PT KIPI Buka Suara Soal Buruknya Jalan di Kawasan

Tanah Kuning, GPriority.co.id – Proyek Strategis Nasional (PSN) PT. Kalimantan Industrial Park Indonesia (KIPI) memberikan penjelasan soal buruknya jalan di Kawasan Proyek. Dalam penjelasannya, saat ini jalan yang digunakan masih dalam proses tukar menukar asset (TMA) dari pemerintah dengan PT KIPI.

Berdasarkan pantauan GPriority dilokasi pada Sabtu (6/7), sebagian besar jalan di Kawasan proyek KIPI terlihat bergelombang dan belum diaspal. Bahkan, beberapa kendaraan tampak bergantian untuk melewati satu-satunya jalan di proyek itu.

“Karena ini asetnya masih pemerintah saat ini lagi proses TMA tukar menukar aset, sehingga kita mau perbaiki pun belum waktunya belum ada izinnya proses dulu untuk TMAnya, setelah selesai baru kita kelola semua,” ujar Project Koordinator PT KIPI, Ahmad Suhandi kepada GPriority di Tanah Kuning, Bulungan pada Sabtu (6/7).

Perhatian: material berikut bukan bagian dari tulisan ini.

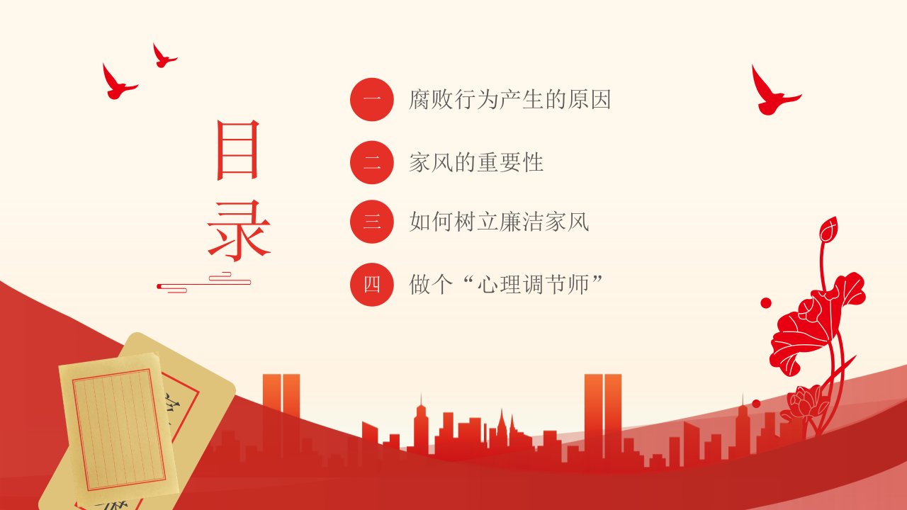 标题:红色大气简约家庭助廉廉洁文化进家庭清廉治家PPT
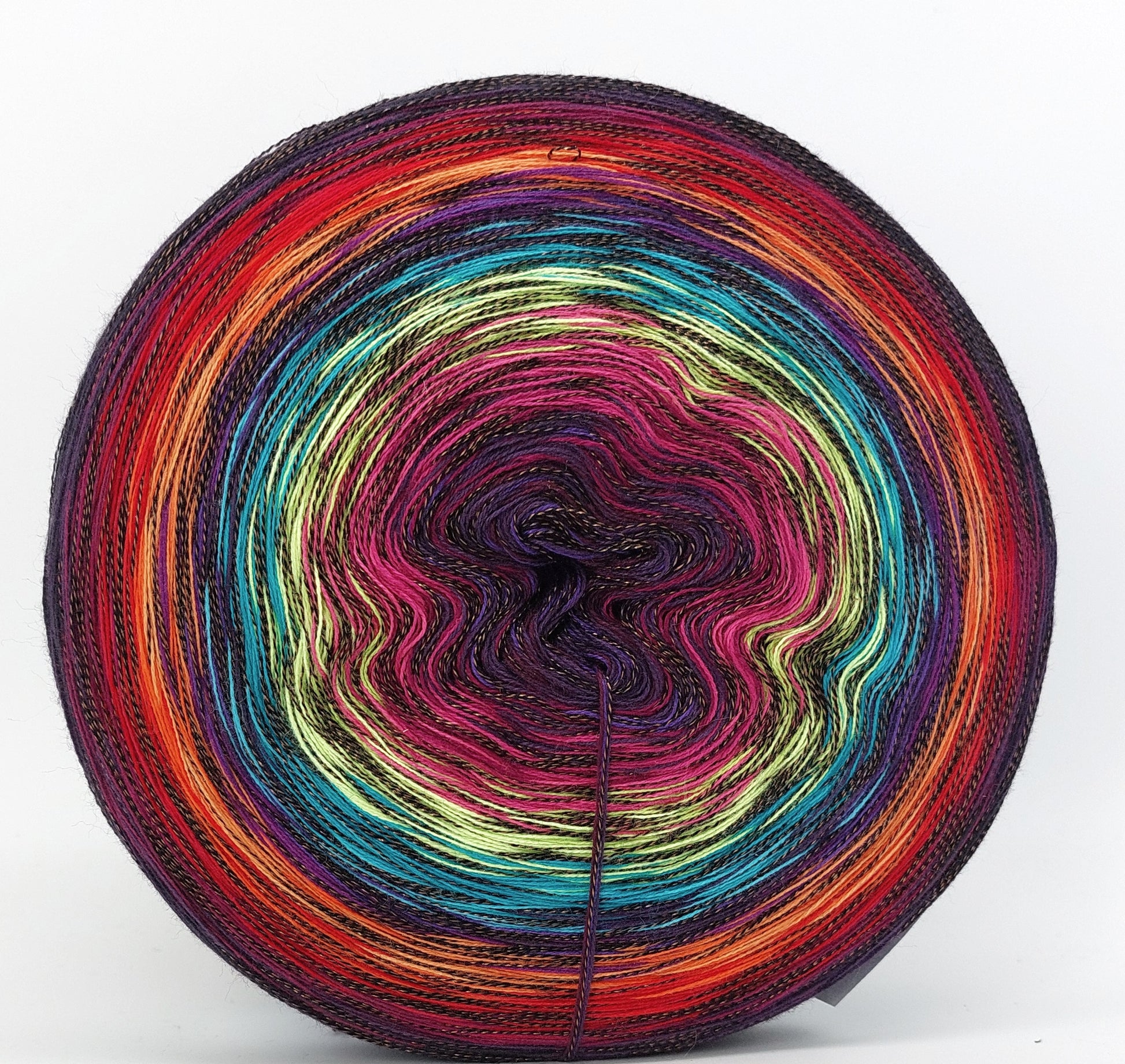 Bei der Tuchwicklung müsst ihr bei mir von innen beginnen. Hier wird jeder Farbabschnitt immer Länger, sodass die "Balken" im Tuch ungefähr gleich dick bleiben. Bei einer Normalen Wicklung sind alle Farbabschnitte gleichlang.
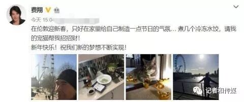 2月4日,大年三十下午,不擅长分享日常生活点滴的费翔,突然更新了自己的微博,称自己目前人在英国伦敦迎新春,并且po出了4张照片。迟迟未结婚的费翔为了给家里增添一些年味,一些节日的气氛,只得独自去买一盒速冻水饺回家煮着吃,听上去稍显落寞。
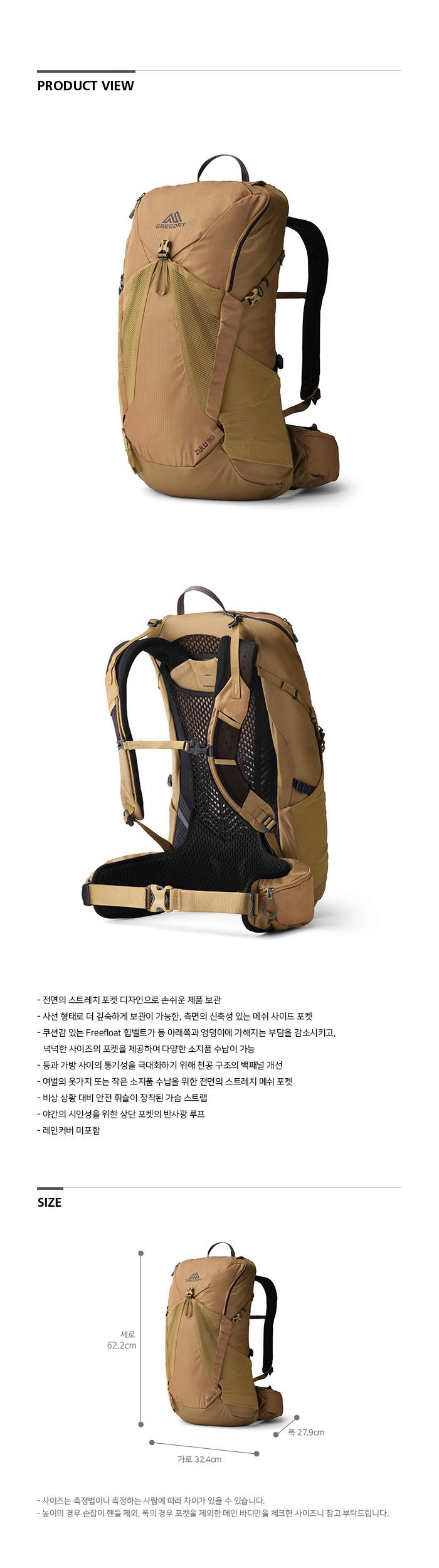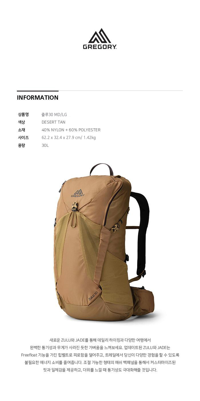 Gregory Zulu30 Md/Lg Desert Tan
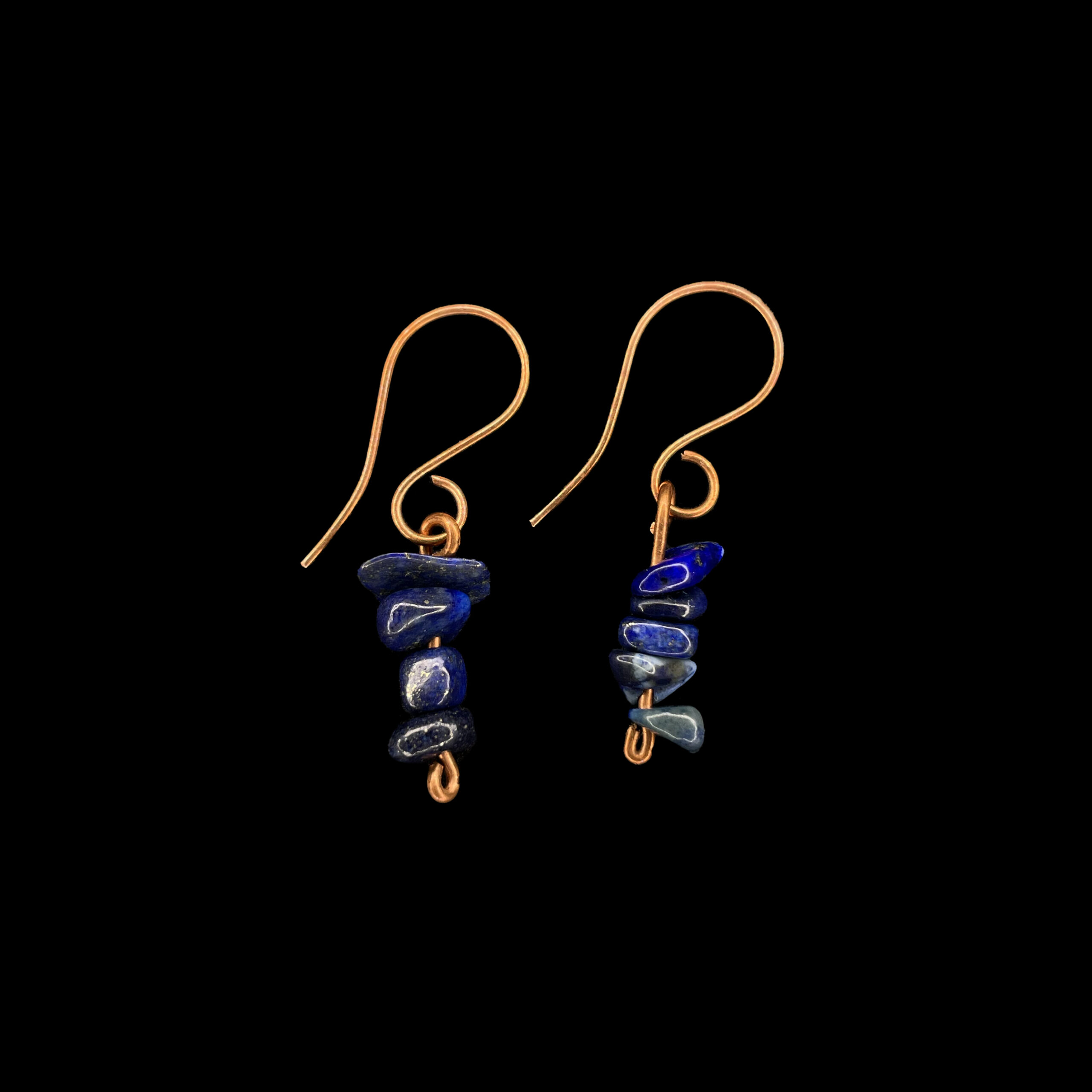 Let Crowling’s Feather wrap you in an aura of quiet magic. These earrings feature raw lapis lazuli chips in deep, shifting shades of blue — from ink to sapphire — stacked like tiny feathers in flight. The stones hang delicately on hand-shaped copper wire, allowing the texture and color to speak for themselves. A tribute to mystery, intuition, and the wild spirit, these earrings are perfect for days when you want your jewelry to tell a story without saying a word.

Setelah TMA selesai, Ahmad mengatakan, segera menggarap masterplan yang telah disiapkan. Dia menyebut, jalan lintas provinsi itu bakal digunakan untuk mengangkut keperluan logistik.

“Kita akan gunakan masterplan yang digunakan, jadi mungkin jalan provinsi yang ada atau existing kita gunakan untuk jalur logistik, tapi jalur, kedepannya kita akan menggunakan jalur yang akan kita rencanakan ini jalurnya ada dua untuk kendaraan besar dan kecil, aksesnya kendaraan besar itu untuk produksi dan jalur yang kecil untuk domestik,” tuturnya.

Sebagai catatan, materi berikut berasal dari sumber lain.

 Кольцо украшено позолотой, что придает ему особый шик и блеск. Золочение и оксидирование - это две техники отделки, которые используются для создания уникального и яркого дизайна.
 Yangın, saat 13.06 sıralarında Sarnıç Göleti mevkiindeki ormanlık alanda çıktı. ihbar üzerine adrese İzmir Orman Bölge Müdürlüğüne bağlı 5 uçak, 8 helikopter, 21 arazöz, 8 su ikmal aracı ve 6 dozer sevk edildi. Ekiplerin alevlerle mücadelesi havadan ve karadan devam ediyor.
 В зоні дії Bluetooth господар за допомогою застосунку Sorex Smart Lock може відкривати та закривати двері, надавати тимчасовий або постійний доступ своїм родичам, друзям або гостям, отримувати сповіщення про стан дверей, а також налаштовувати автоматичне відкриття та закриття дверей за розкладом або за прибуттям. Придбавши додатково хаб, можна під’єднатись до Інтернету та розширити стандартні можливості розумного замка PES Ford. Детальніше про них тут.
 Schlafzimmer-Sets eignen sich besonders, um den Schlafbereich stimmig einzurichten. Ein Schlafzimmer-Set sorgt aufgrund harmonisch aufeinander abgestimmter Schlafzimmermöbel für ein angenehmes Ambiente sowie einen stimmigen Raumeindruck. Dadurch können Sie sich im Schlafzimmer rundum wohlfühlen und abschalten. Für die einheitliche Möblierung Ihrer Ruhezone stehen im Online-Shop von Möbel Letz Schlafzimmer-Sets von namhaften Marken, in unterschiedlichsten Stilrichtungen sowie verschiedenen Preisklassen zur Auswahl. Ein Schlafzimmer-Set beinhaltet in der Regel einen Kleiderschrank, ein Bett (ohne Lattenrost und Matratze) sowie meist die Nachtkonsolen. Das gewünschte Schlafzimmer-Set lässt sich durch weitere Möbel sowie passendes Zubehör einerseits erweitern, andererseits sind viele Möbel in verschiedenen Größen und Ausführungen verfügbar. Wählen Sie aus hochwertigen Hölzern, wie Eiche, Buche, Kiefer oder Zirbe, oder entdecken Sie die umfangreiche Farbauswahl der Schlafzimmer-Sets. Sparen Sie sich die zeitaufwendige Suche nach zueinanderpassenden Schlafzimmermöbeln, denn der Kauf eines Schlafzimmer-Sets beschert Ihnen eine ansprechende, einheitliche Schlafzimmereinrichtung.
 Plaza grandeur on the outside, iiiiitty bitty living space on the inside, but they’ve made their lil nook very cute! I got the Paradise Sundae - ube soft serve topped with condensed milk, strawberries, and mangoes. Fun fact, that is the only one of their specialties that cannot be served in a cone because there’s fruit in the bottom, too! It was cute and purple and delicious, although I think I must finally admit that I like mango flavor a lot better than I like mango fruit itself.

Sebagai informasi, PT KIPI disebut sebagai kawasan industri terbesar di dunia, dengan luas 30.000 hektar. Proyek ini ditargetkan selesai konstruksi pada 2024 dan operasi bertahap mulai 2023, 2024 hingga 2029. Adapun, investasi senilai US$132 miliar itu diperlukan untuk seluruh tahapan konstruksi dan komersialisasi sampai delapan tahun ke depan.